> **Work to be completed**
Below is a listing; retype exactly the lines between the one containing "1. 概要 オフィススイートとして、「LibreOffice」を使用します。" and the one containing "夏の安全は風を味方につけることから。 PUMAと空調風神服がコラボ! アルミコーティング生地を採用した遮熱空調作業服!", inclusive, minus the pictures.

> **Records to process**
___

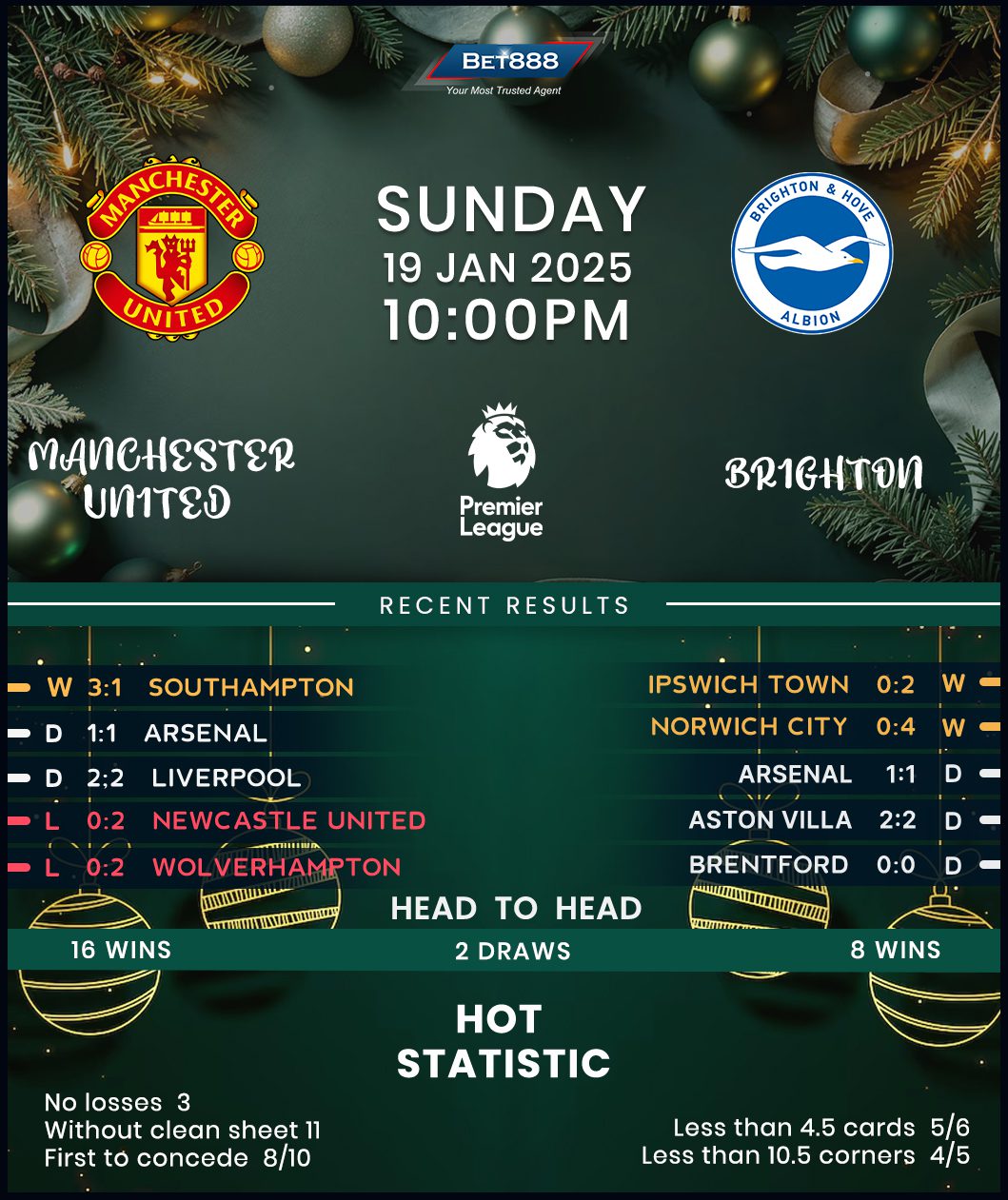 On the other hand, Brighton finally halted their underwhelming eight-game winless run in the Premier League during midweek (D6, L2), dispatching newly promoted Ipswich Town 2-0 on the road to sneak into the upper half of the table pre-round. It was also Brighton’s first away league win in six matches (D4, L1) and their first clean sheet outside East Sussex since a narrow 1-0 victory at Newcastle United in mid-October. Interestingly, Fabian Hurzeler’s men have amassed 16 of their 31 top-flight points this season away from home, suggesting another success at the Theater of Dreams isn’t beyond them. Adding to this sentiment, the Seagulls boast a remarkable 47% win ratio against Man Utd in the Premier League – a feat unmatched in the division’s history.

___

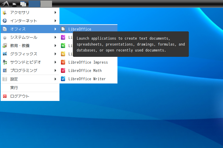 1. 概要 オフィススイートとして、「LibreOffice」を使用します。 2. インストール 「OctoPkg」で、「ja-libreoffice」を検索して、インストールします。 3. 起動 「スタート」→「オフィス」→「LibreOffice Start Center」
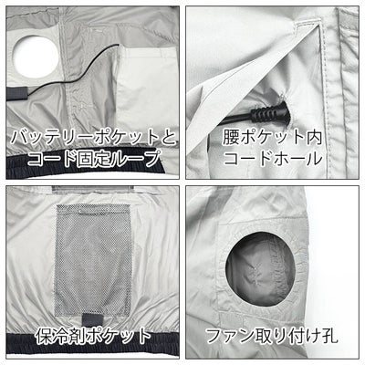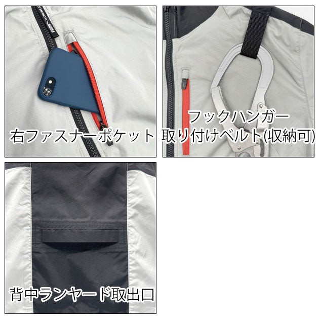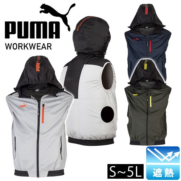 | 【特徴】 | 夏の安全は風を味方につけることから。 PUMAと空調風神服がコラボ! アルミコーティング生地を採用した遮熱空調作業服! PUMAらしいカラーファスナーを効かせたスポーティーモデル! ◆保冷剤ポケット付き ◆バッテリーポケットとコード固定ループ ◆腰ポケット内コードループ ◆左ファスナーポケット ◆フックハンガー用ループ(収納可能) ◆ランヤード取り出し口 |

___

> **Exercise result**
 1. 概要 オフィススイートとして、「LibreOffice」を使用します。 2. インストール 「OctoPkg」で、「ja-libreoffice」を検索して、インストールします。 3. 起動 「スタート」→「オフィス」→「LibreOffice Start Center」
 | 【特徴】 | 夏の安全は風を味方につけることから。 PUMAと空調風神服がコラボ! アルミコーティング生地を採用した遮熱空調作業服! PUMAらしいカラーファスナーを効かせたスポーティーモデル! ◆保冷剤ポケット付き ◆バッテリーポケットとコード固定ループ ◆腰ポケット内コードループ ◆左ファスナーポケット ◆フックハンガー用ループ(収納可能) ◆ランヤード取り出し口 |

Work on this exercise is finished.